Abstract

1. Cardiovascular responses to human proendothelin [1-38], in the absence and presence of phosphoramidon, were studied in conscious Long Evans rats, chronically instrumented for the continuous recording of heart rate, systemic arterial blood pressure and renal, mesenteric and hindquarters blood flows. 2. A dose of 0.1 nmol kg-1 human proendothelin [1-38] caused a slight pressor effect (maximum 5 +/- 2 mmHg), but a clear bradycardia (maximum -29 +/- 7 beats min-1). Renal haemodynamics were unchanged but there was mesenteric vasoconstriction and a vasodilation followed by a vasoconstriction in the hindquarters. 3. A dose of 1.0 nmol kg-1 human proendothelin [1-38] caused a gradual hypertension (maximum 42 +/- 4 mmHg at 10 min) and a profound bradycardia (-149 +/- 10 beats min-1 at 30 min). There were gradual but marked, renal and hindquarters vasoconstrictions, whereas there was a substantial mesenteric vasoconstriction that was relatively rapid in onset. 4. In 2 animals, administration of human proendothelin [1-38] at a dose of 10 nmol kg-1 caused an initial hypotension followed by a rapidly-developing pressor effect; there were renal and mesenteric vasoconstrictions and vasodilatation followed by vasoconstriction in the hindquarters.

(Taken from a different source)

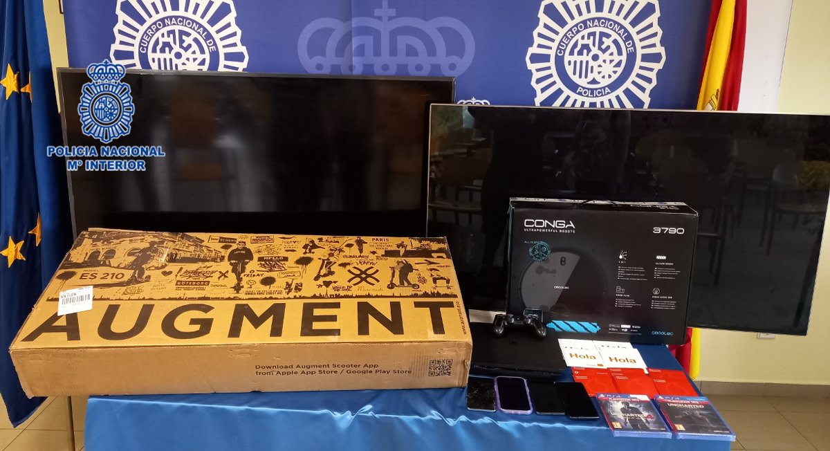 En el transcurso de la investigación fueron intervenidos diferentes efectos como dos televisores, un patinete eléctrico, un robot aspirador, una consola, varios teléfonos móviles y 13 tarjetas de contratos de líneas telefónicas de diferentes empresas.

These changes were very similar to those seen following injection of endothelin-1 (0.1 nmol kg-1). 5. Phosphoramidon (2 mumol kg-1) had no cardiovascular effects itself and it did not affect significantly the pressor or mesenteric vasoconstrictor effects of human proendothelin [1-38], but it reduced the bradycardia and renal and hindquarters vasoconstrictor responses. A higher dose of phosphoramidon (lOnmolkg-') caused significant attenuation of all the responses to human proendothelin [1-38], but a substantial mesenteric vasoconstrictor response still occurred under these conditions. 6 The results are consistent with the involvement of phosphoramidon-sensitive enzyme systems in the conversion of human proendothelin [1-38] to endothelin-1 in vivo. In addition, considering the different patterns of responses to human proendothelin [1-38] in the effector tissues studied (heart, and renal, mesenteric and hindquarters vascular beds), and the differential degrees of inhibition of them by phosphoramidon, it is likely that the effects of human proendothelin [1-38] were due to its local (rather than systemic) conversion to endothelin-1 by processes with differing degrees of susceptibility to phosphoramidon.